Revenues in the quarter for the National RV division were $48.1 million, up 15% from $42.0 last year. Revenues in the quarter for the Country Coach division were $42.0 million, up 34% from $31.3 million last year. National RV revenues for the nine months were $149.9 million, up 4% from $144.2 million last year. Country Coach revenues for the nine months were $91.2 million, down 2% from $93.4 million last year.
Third quarter wholesale unit shipments of diesel motorhomes were 297, up 41% from 211 units last year. Quarterly shipments of gas motorhomes were 321, up 38% from 232 units last year. Quarterly shipments of towable products were 355, down 7% from 383 units last year.
Wholesale unit shipments of diesel motorhomes for the nine months were 752, down 2% from 765 units last year. Shipments of gas motorhomes for the nine months were 946, up 26% from 752 units last year. Year-to-date shipments of towable products were 1,220, down 4% from 1,266 units last year.
Quarterly selling, general and administrative expenses were $4.8 million, down 17% from $5.8 million last year. As a percentage of sales, quarterly SG&A expenses were 5.2% versus 8.0% last year. SG&A expenses for the nine months were $14.9 million, down 13% from $17.2 million last year. As a percentage of sales, year-to-date SG&A expenses were 6.2% versus 7.2% last year.
The Company reported that cash decreased by approximately $3.6 million during the third quarter, due primarily to a $10.4 million increase in accounts receivable partially offset by a decrease of $1.3 million in inventory, a $0.5 million increase in accounts payable, a $1.4 million increase in book overdraft, $3.2 million of net advances against the line-of-credit and $0.5 million of proceeds for issuance of common stock from the exercise of stock options.
"Total inventory dropped by $1.3 million during the quarter, coming mainly from reductions in finished goods and work-in-process, offset by increases in raw materials and chassis. We saw the expected improvements in work-in-process at our Country Coach division and continued improvement in finished goods at our National RV division," said Chief Financial Officer Mark Andersen. "Production increases at National RV led to increases in raw materials and work-in-process inventory that limited our effort to reduce total inventory during the quarter. Our best opportunity for further reductions in the fourth quarter is from finished goods at Country Coach."
National R.V. Holdings will host a live webcast to review third quarter results today, October 28, 2003, at 2 p.m. Eastern. A link to the conference call can be found on the Company's website at www.nrvh.com and will be archived and available for 90 days.
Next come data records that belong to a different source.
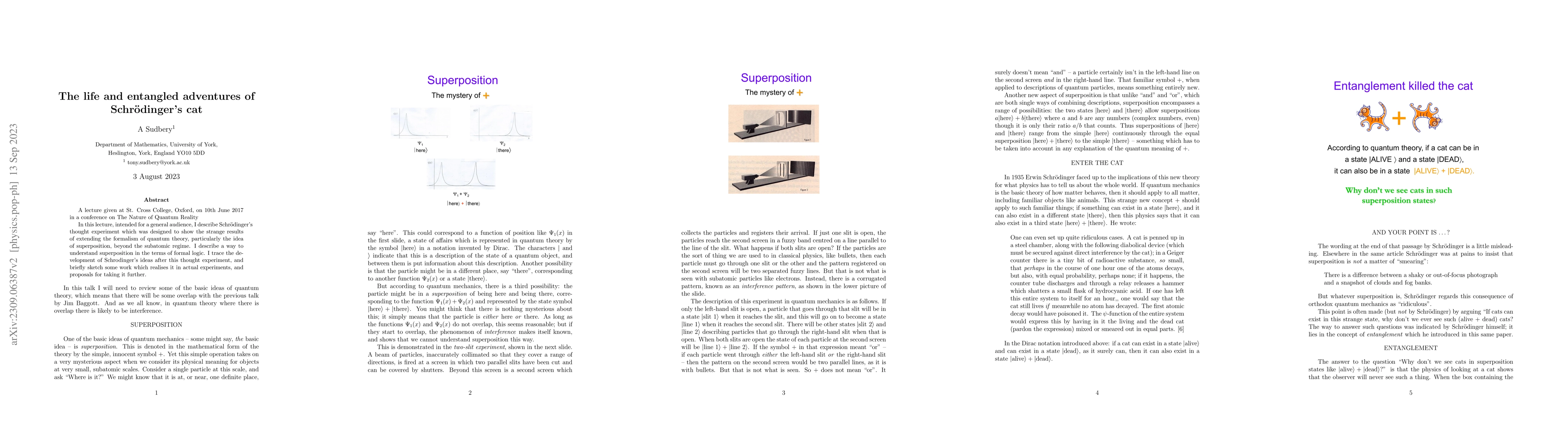 This lecture explains Schrödinger's thought experiment illustrating quantum superposition's strange implications, and proposes a formal logic understanding of superposition. It also traces the evolution of Schrödinger's ideas and highlights experimental realizations and future proposals.
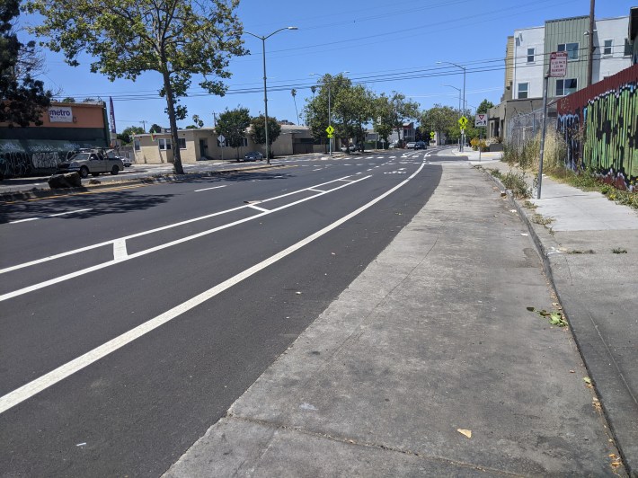 Work on the project, funded by Oakland’s 2016 Measure KK, should be finished in the fall. After that, advocates can start campaigning for the parking-and-curb-protected bike lanes the city should have built in the first place.
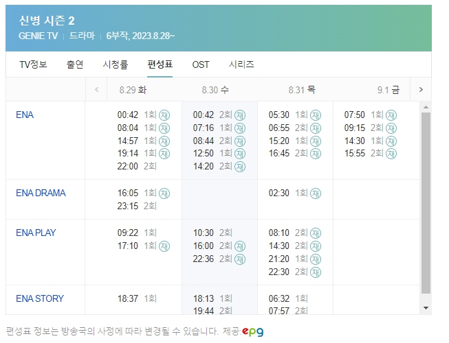 ENA 채널에서 방영하는 시간에 재방송으로 시청이 어렵다면
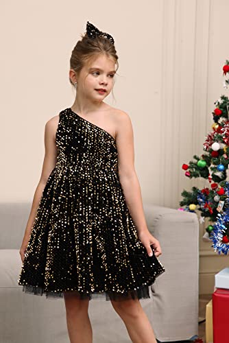 GRACE KARIN Girls Sequin Dress One Shoulder Wedding Party Gown with Hair Bow 5-12Y 2
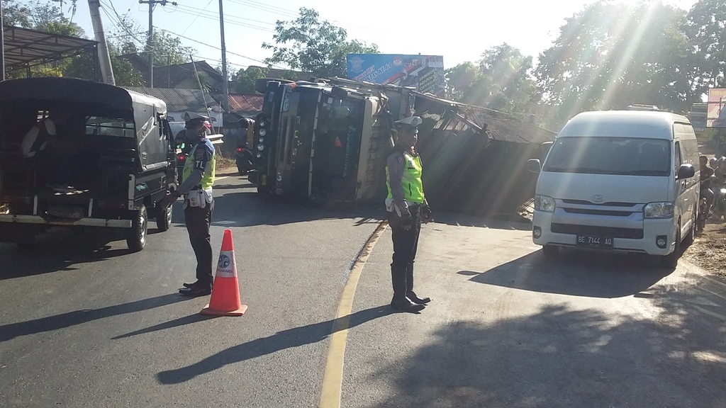 Namun belum sampai tujuan, truk tersebut terbalik di ruas Jalinbar menikung dan miring di Kelurahan Fajaresuk, Kecamatan Pringsewu, Kamis (7/11/2019) pagi.
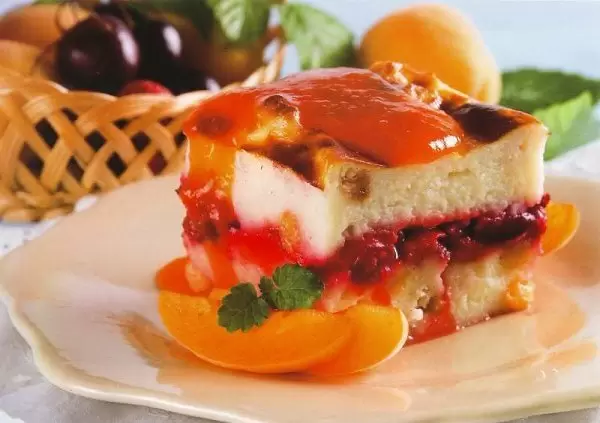 Как только запеканка будет готова, аккуратно переложите её на тарелки и полейте абрикосовым вареньем. Этот сладкий штрих станет отличным дополнением к нежной текстуре манной запеканки. Главное, не забыть, что лучше всего такое угощение подаётся сразу после приготовления, когда оно еще теплое.
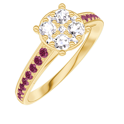 « L'ATELIER » Nº210810Ring Geelgoud 9 karaat - Cluster van natuurlijke diamantent rond gelijkwaardig 1 - Setting Robijn 4.9

National R.V. Holdings, Inc. is a leading manufacturer of Class A motorhomes and travel trailers. From its Junction City facility, the Company designs, manufactures and markets Country Coach high-end (Highline) Class A diesel motorhomes under brand names including Inspire, Allure, Intrigue, Magna, Affinity and Lexa, and bus conversions under the Country Coach Prevost brand. From its Perris, California facility, the Company designs, manufactures and markets National RV Class A gas and diesel motorhomes under brand names including Sea Breeze, Dolphin, Tropi-Cal, Tradewinds and Islander, and travel trailers under brand names including Surf Side Lite, Splash, Rage'n, Blaze'n, Sea Breeze and Palisades.
This release and other statements by the Company contain forward-looking statements within the meaning of the Private Securities Litigation Reform Act of 1995. Investors are cautioned that forward-looking statements are inherently uncertain. Actual performance and results may differ materially from that projected or suggested herein due to certain risks and uncertainties including, without limitation, the cyclical nature of the recreational vehicle industry; seasonality and potential fluctuations in the Company's operating results; the Company's dependence on chassis suppliers; potential liabilities under repurchase agreements; competition; government regulation; warranty claims; product liability; and dependence on certain dealers and concentration of dealers in certain regions. Certain risks and uncertainties that could cause actual results to differ materially from that projected or suggested are set forth in the Company's filings with the Securities and Exchange Commission (SEC) and the Company's public announcements, copies of which are available from the SEC or from the Company upon request.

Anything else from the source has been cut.